Since MNIST dataset is a quick and small example, the issue of GPU out-of-memory (OOM) will not be raised. However, large dataset is often seen in the real world, which might cause program crashed due to GPU OOM.

A general approach is to load data from batches into GPU. Even if the method "model.fit" and "model.predict" contains the argument "batch_size", the behavior of Tensorflow tends to acquire more space than a batch which leads to the risk of GPU OOM. Hence, please add the following code to limit the GPU memory usage:

1. In the beginning of main.py

import tensorflow as tf
gpus = tf.config.experimental.list_physical_devices(device_type="GPU")
for gpu in gpus:
tf.config.experimental.set_memory_growth(gpu, True)

2. At the end of data preparation

# after the preparation of: xTrain, yTrain, xTest, yTest
# after setup batch_size
with tf.device("CPU"):
trainset = tf.data.Dataset.from_tensor_slices( (xTrain, yTrain) ).shuffle(8192).batch(batch_size)
testset = tf.data.Dataset.from_tensor_slices( (xTest, yTest) ).shuffle(8192).batch(batch_size)

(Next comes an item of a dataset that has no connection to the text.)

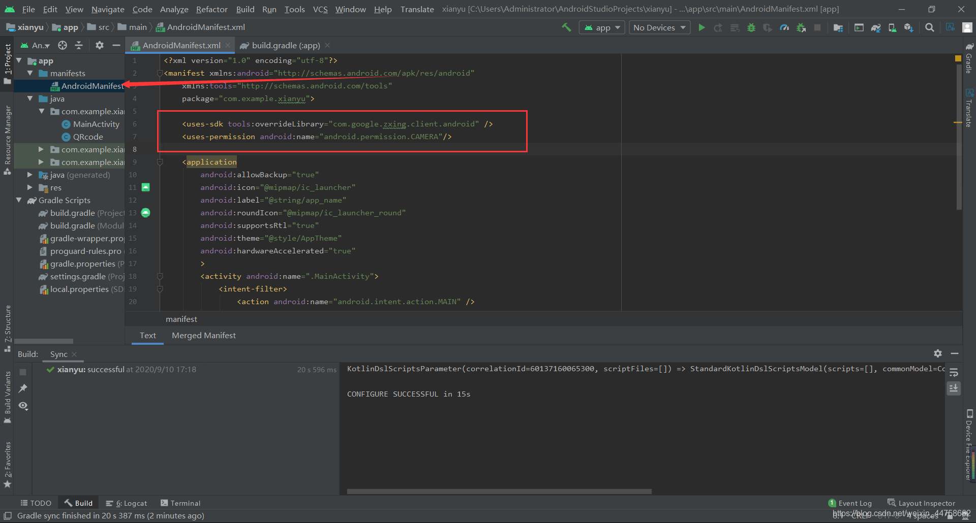 <uses-sdk tools:overrideLibrary="com.google.zxing.client.android" /> <uses-permission android:name="android.permission.CAMERA"/>
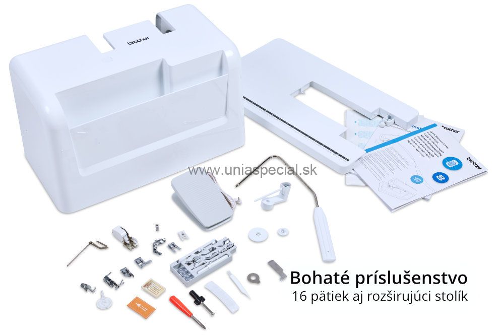 Samozrejmosťou je voľné rameno pre šitie nohavíc a rukávov, robustné celokovové telo stroja, ergonomicky umiestnené tlačítka, možnosť vypnutia zúbkov podávania pri plátaní a quiltovaní, LED osvetlenie, rýchla výmena pätiek jednoduchým nacvaknutím. Brother používa moderné tiché rotačné chapače, ktoré sa jednoducho čistia, niť založíte rýchlo a počas šitia cez priehľadnú krytku vidíte, koľko nite vám ešte zostáva na cievke. V priehradke na príslušenstvo nájdete praktický organizér na pätky, takže máte všetko pripravené.

3. Use for loop to train and validate batches

Before	After
model.fit(xTrain, yTrain, epochs=1, batch_size=batch_size)	for xTrainBatch, yTrainBatch in trainset: model.fit(xTrainBatch, yTrainBatch, epochs=1, batch_size=batch_size)
model.predict(xTest, yTest, epochs=1, batch_size=batch_size)	for xTestBatch, yTestBatch in testset: model.predict(xTestBatch, yTestBatch, epochs=1, batch_size=batch_size)